Pictures in the data should be dropped; transcribe exactly the lines from the one that has "Students of the" through the one that has "RBEF Champion School".

== Segment start ==

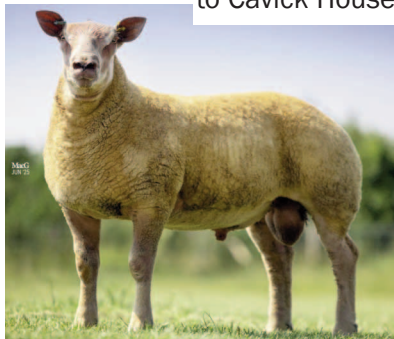
Manor House Destino - sold to Cavick House
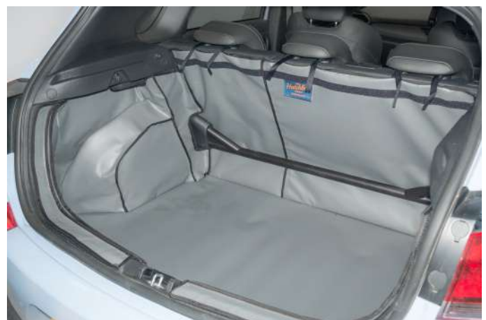
BOOT SHAPE 5 —LEFT SIDE
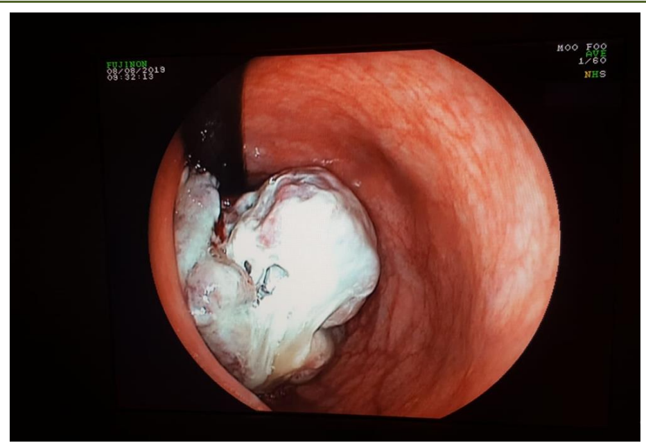
Fig-1: Rectosigmoidoscopy showed at the level of the wall anterior to 01 cm of the anal margin, a budding tumor process extended about 4 cm without internal hemorrhoids

On histopathological examination with immunohistochemical study, the tumor cells were highly positive for HMB-45 and Melan A, thus the diagnosis of melanoma was retained.
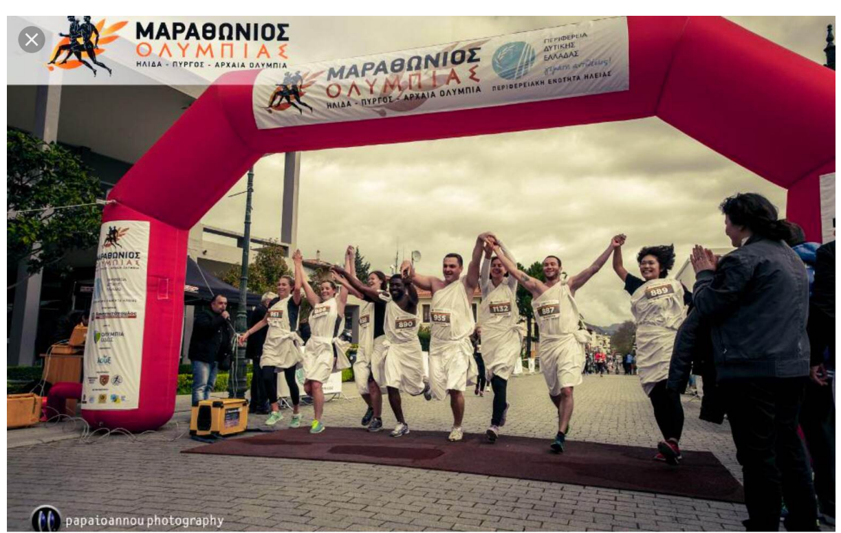
Students of the Master's Degree Programme, ''Olympic Studies, Olympic Education, Organization and Management of Olympic Events'' finish the 1<sup>st</sup> Marathon Race of Olympia, March 2015.
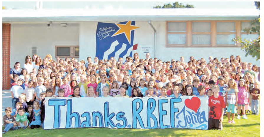
RBEF Champion School 2010 and 2011 - Tulita loves RBEF!

RBEF is seeking donations to support districtwide programs that could not be offered in Redondo Beach schools without additional funding and support. Please donate whatever you can to this worthy cause. As our district and state face ongoing budget challenges, we are forced to rely on support organizations such as RBEF to help provide the enriching and inspiring programs we feel are essential for Redondo Beach students. Without the support of RBEF and generous donors in our school and district community, our students would be missing out in so many ways.
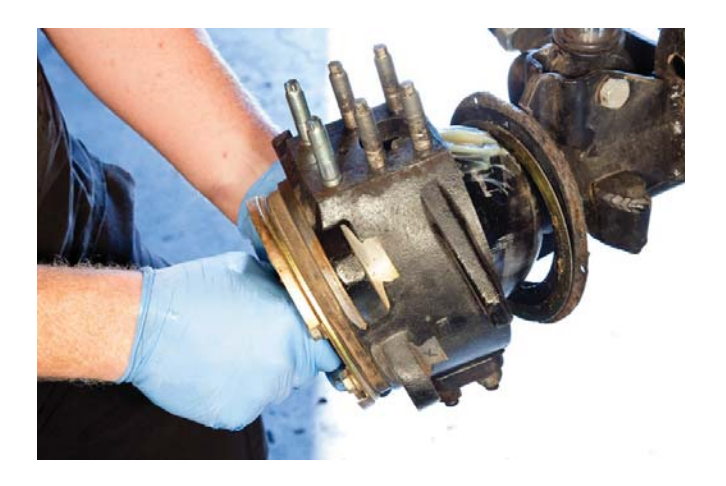
STEP 9 - CHECK STEERING PRELOAD

Install knuckle on vehicle with shims and steering arm.
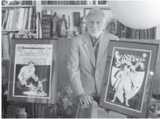
In this undated photo released on 8 Nov. 2010 by ComicConnect.com, Jerry Robinson, who created the Joker, stands with the two framed covers, Superman #14 and Detective Comics #69, that will be offered for auction on ComicConnect.com.
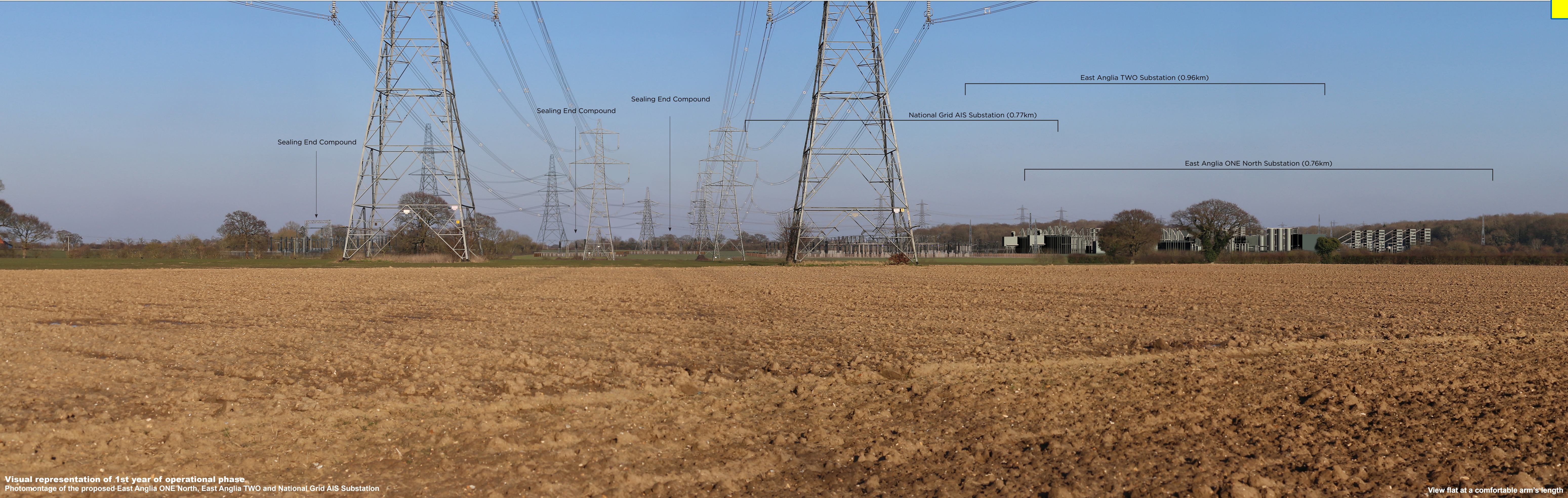
Visual representation of 1st year of operational phase Photomontage of the proposed East Anglia ONE North, East Anglia TWO and National Grid AIS Substation
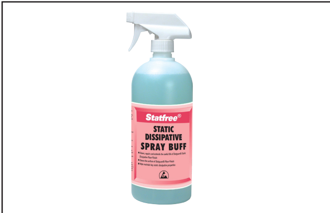
Figure 10. Statfree® Dissipative Spray Buff
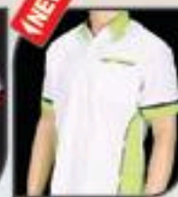
U502 Apple Green
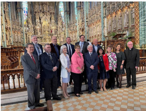
Members of the OCSTA Board of Directors at Notre-Dame Cathedral, Ottawa
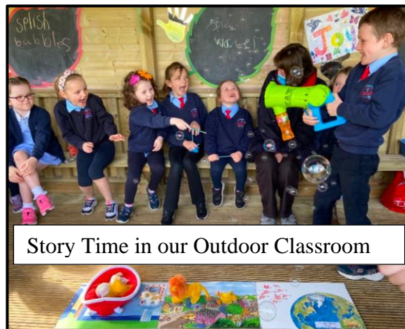
Story Time in our Outdoor Classroom

Pupils are offered a range of extra-curricular activities, either within the school day or after school. Participation in these activities is voluntary, though places may be limited. Activities on offer include; Gaelic football, camogie/hurling, tin whistle, fiddle, choir, art, games, athletics, sports, ICT, cycling proficiency, gardening and many more.
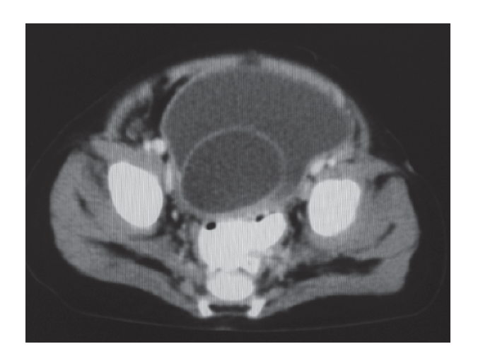
Figure 2 . Axial CT scan (slightly superior to Figure 1) shows the tortuous & dilated lower ureter.
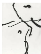
L6, detta Profilo, 1991. From the series Lucciole, 1988-1991
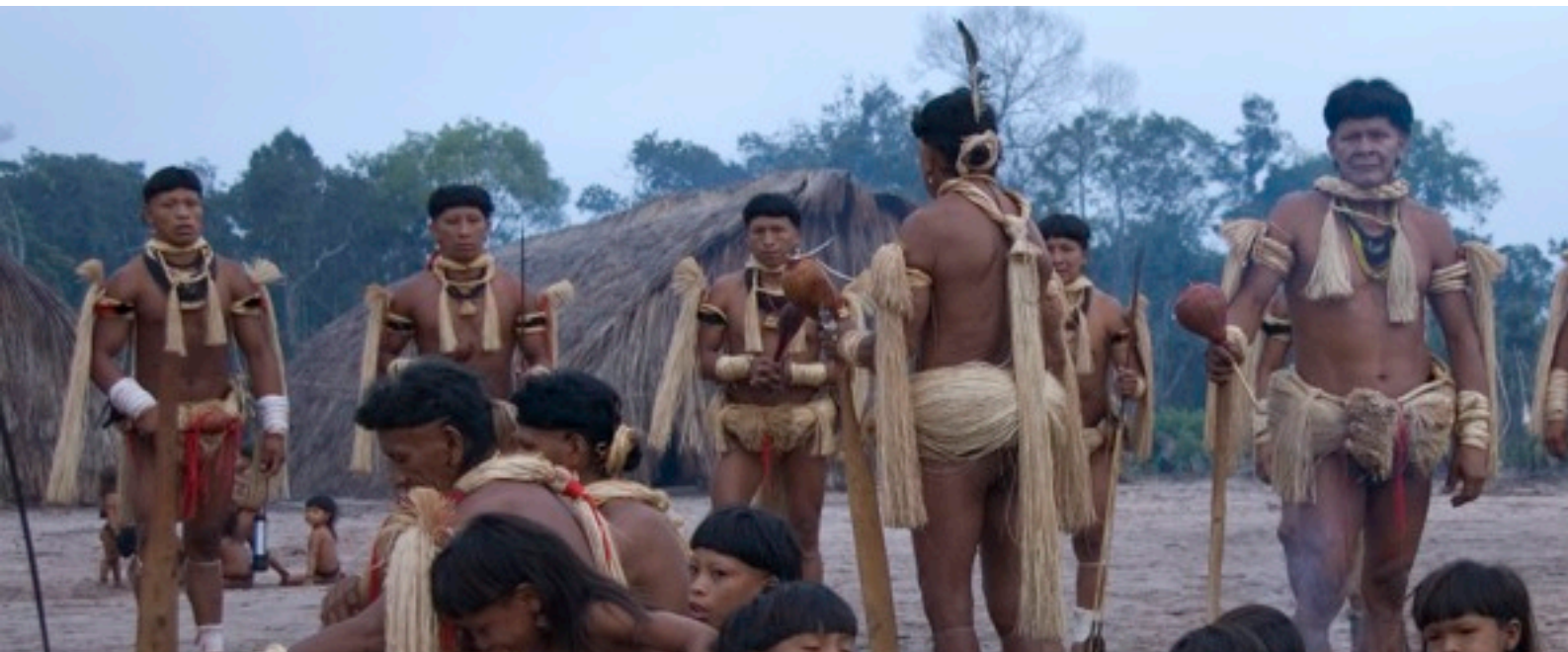
Enawene Nawe performing their annual yākwa ritual, which is linked to the fish they catch in the tributaries of the Juruena River

waves of violence against the Jummas. Most of those who were evicted for the Kaptai dam are still living in India, unrecognized by either state. Those who have remained in or returned to their territories are further threatened by a proposed second Kaptai dam, for which Bangladesh has reportedly approached the USA regarding assistance. 28 No attempt has been made to inform or consult the Jumma people about these plans.
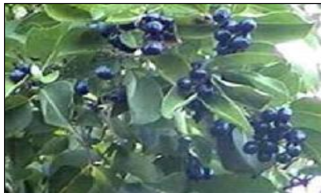
FIG. 16: SYZYGIUM CUMINI

Mycaminose a compound isolated from the plant S. cumini seed extract. Oral administration of a compound (50 mg/kg), ethyl acetate (200 mg/kg) and methanol extracts (400 mg/kg) of fruits and leaves of S. cumini reduced the blood glucose level of streptozotacin-induced diabetic rats 25 . S. cumini seed powder and ethanol extract S. cumini seed have potential antihyperlipidemic effect in type 2 diabetic model rats 26 .
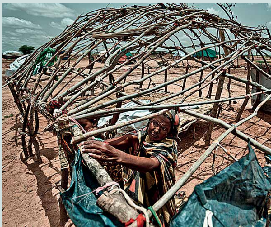
Building shelter at the Mentao Nord camp in Burkina Faso

Our Social Protection programme has launched a Shockwatch work-stream of research and policy advice to donors and governments on how best to respond to the poverty impacts of crisis events. A toolkit has been developed, informed by research visits to Mozambique and Zimbabwe in December 2012: visits that confirmed the scarcity of credible data and highlighted the need for alternative approaches to pinpoint likely risks and responses. The resulting country report on Mozambique has already been used by DFID to guide a risk-mapping exercise in the country, while the Zimbabwe country report provided a useful review of existing social-protection provision for DFID staff.
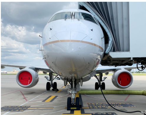
Embraer EMB-170/175 Engine Inlet Plugs

The Engine Inlet Plugs are custom fit for your Embraer EMB-170/175 intakes, made with heavy-duty vinyl material, and stuffed with a single block of sculpted urethane foam. Each plug has a zipper that allows the foam to be removed and dried if necessary. Engine plugs have 'remove before flight' streamers sewn onto the face of the plugs. Most plugs are imprinted with the aircraft registration number in black for an extra charge. Storage bag NOT included. Engine plugs may be inserted after flight when the engine is still warm. Engine Inlet Plugs are commonly referred to as Cowl Plugs, Intake Plugs, Cowl Blocks, Engine Blocks, and Engine Bungs.
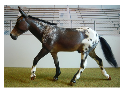
CHAMPION OTHER COLOR: DA BARDIGANO HONEST JOHN (JV)

Fantasy Color (4): 1-TS Ramoth Of Riell (MP), 2-Prince Harry (HC), 3-Hikaze (CV), 4-Liyr (CV))
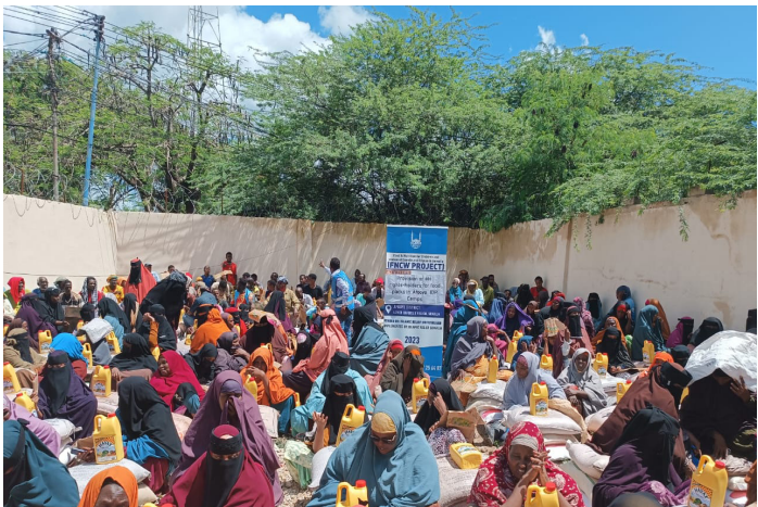
Distribution food packs to 300 vulnerable households in Eyle1 & Doonlawe IDPs & Dhagaxtur & If iyo Akhiro Villages under Afgoye District.
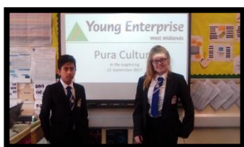
Bowls of Delight

Easter Sale: Last day of term Thursday 29 th March Break time Students and staff
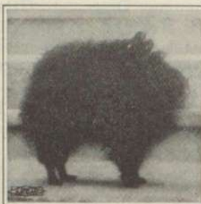
Tresleigh Zobey Imp.

The most noted and outstanding Kennel of the breed. Our achievements on the show bench prove it. Our Selected Stock is from the very best British lineage. The Stud Force is comprised of many of the very best specimens procurable. Our Breeding Bitches have all been carefully selected.
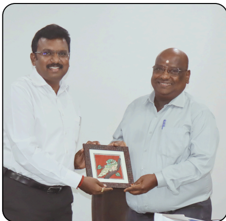
Exit Tax and Donations, Condonation of Delay, General Public Utility by Specified topics were curated and delivered by Late Shri Ravi Ramachandran, PCIT(Retd.), Chennai.

The sessions included theoretical and practical perspectives, checklists, case studies, case laws etc. that were handled by subject matter experts. Overall the participants found the sessions to be greatly beneficial.
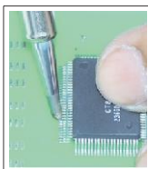
SMD ICs soldering
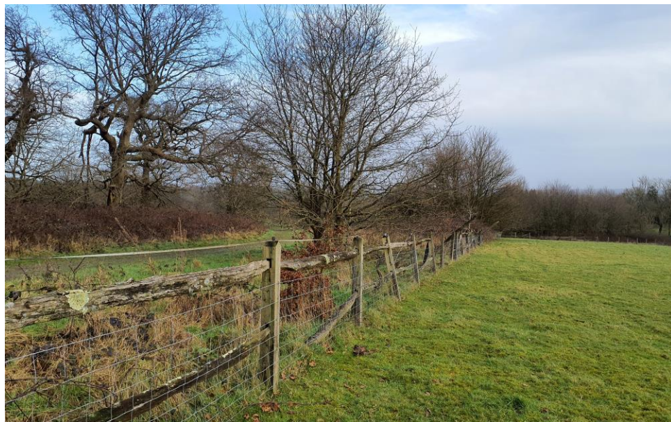
Plate 41: Northern boundary fence

== Segment end ==

Your response:
Students of the Master's Degree Programme, ''Olympic Studies, Olympic Education, Organization and Management of Olympic Events'' finish the 1<sup>st</sup> Marathon Race of Olympia, March 2015.
RBEF Champion School 2010 and 2011 - Tulita loves RBEF!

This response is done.